Как ни странно, и Филиппов сразу это, так сказать, просек, с Анной Карачаров беседовал с тем же — огненноглазым! — интересом, даже порой теперь предпочитая ее общество запланированному контакту с очередным парапосетителем. В институте шушукались. Но версию о ненаучной, так сказать, симпатии директора к мэнэсовке, опровергала его секретарша, Ольга Леонидовна, встречавшая Анну с акульей — то есть весьма благосклонной — улыбкой. Филиппов, после недолгих ревнивых размышлений, все понял: Анна красива, ясно, но не внешняя ее прелесть хромого беса влечет — талантом ее жаждет овладеть, до капельки ее выпить — причем не идеи ее — они и наивны порой, и завиральны — ему нужны, а именно э н е р г и я ее таланта, которому, может, и воплотиться-то во что-то серьезное и не дано по причине Анниного совершенно безответственно-беспечного к своему таланту отношения. И сам Филиппов, поговорив с Анной, даже пусть о всякой всячине, почти ерунде, чувствовал сильнейший прилив вдохновения и после очередного свидания с ней писал статьи, точно робот, совершенно не уставая.

Майская ночь… Майская ночь…

Филиппов, покряхтывая, точно старик спустился вниз попить чаю. Сколько там на часах? Три? Тесть настоял, и, хотя дом отапливался с помощью газовой колонки, оставили внизу и русскую печь совершенно не придававшую большой комнате, убранной по-прежнему с эстонской педантичностью, русского колорита, но наводящую на мысли о компактно-уютном домашнем крематории. Так подумал Филиппов, отпивая чай и поеживаясь от контраста между горячей жидкостью, бегущей по долгим коридорам его нутра, и ночным холодом, вползающим в дом через все щели, которых, вроде, и нет… Он вспомнил роман «Ненаглядная». Мог бы он, Филиппов, таким же образом расстаться с любимой? Все-таки — ужас. Его женственная душа содрогнулась. Сжечь самому эти красивые долгие ноги, эти узкие бедра… А с Мартой? Мысль о теле супруги показалась более обыденной.

Ирма Оттовна так мечтала, чтобы ее кремировали. Ну и мечты были у вас, дорогая теща!

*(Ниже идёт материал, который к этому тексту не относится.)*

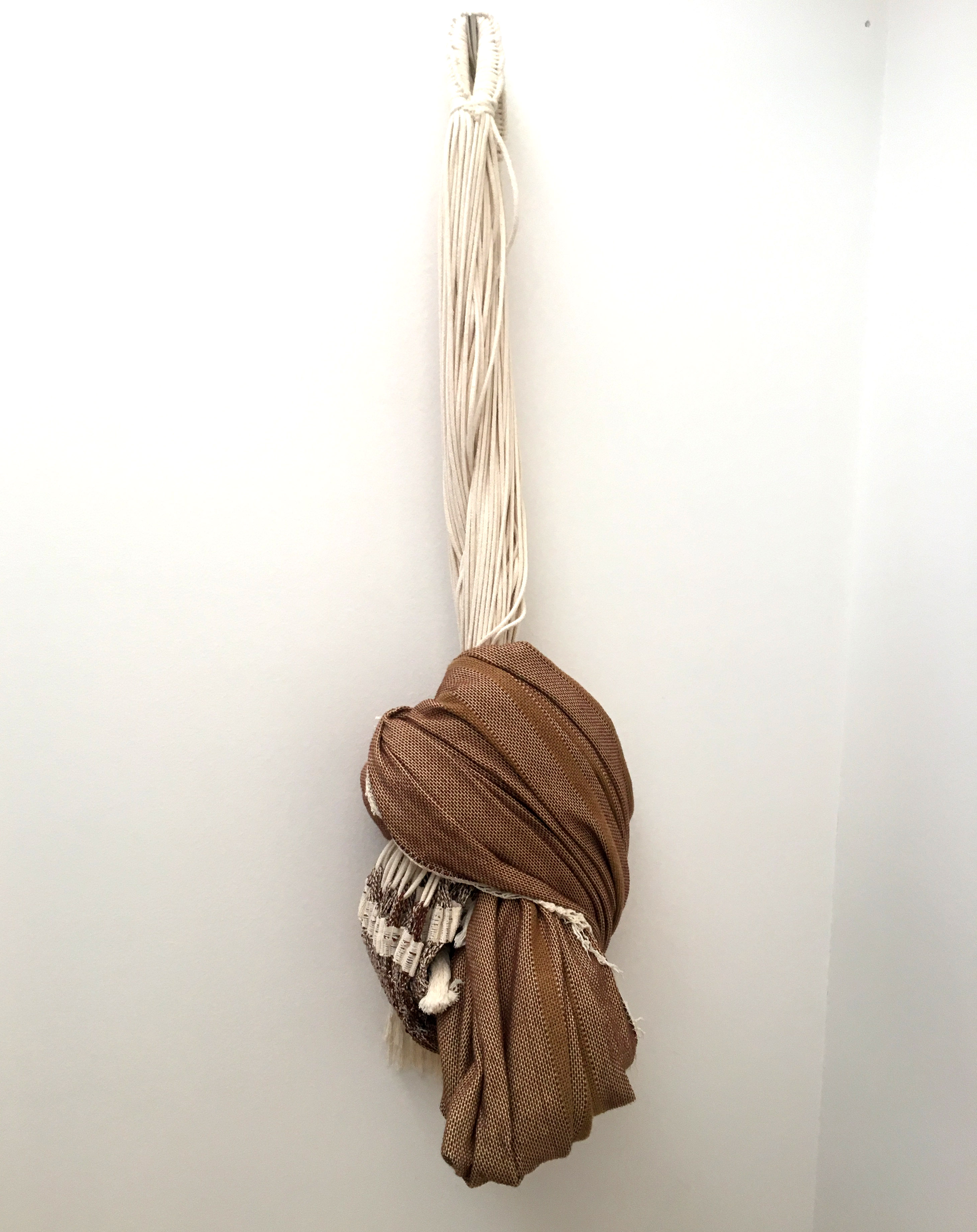 ハンモックを使用しないときは片方のアイ(輪の部分)をフックから外し、一つのフックにまとめると、たいへんコンパクトになるのでスペース的にも有効です。(床についてしまう時は、ハンモックを下の写真のように1回結ぶとよいです。)

Все-таки страшный писатель, не русский. Русский человек, если бы и написал такое, то со шквалом эмоций. А этот англичанин или американец, нет, конечно, англичанин, описывает все страшное, будто бухгалтерский отчет делает. Впрочем, оттого еще более жутко читать. А русский приплел бы Бабу-Ягу, которая сажала на лопату Иванушку и хотела его в печи изжарить, то есть придал бы мифологизма — и вместе с бурными чувствами, выплеснул бы на читателя и древнюю, как мир, надежду. Все бы вышло, вроде, и не так страшно. Вроде, и сказка, а не быль. Русский, наверное, вообще в смерть не верит — оттого и не может описывать ее с беспристрастностью сотрудника бюро статистики. У русского она случается в тридесятом царстве, откуда в общем-то все-таки возвращаются.

Поразмыслив так, Филиппов допил чай и решил почитать: он чувствовал себя совершенно выспавшимся. Порывшись на книжных полках, полистав «Историю» Соловьева, он вспомнил, что у него в портфеле какая-то переведенная брошюрка, из тех, что часто, под влиянием неформальных интересов Карачарова, курсировали по институту, достал ее и, захватив ее подмышкой, держа в руках стакан почти черного чая, забрался вновь к себе на второй этаж.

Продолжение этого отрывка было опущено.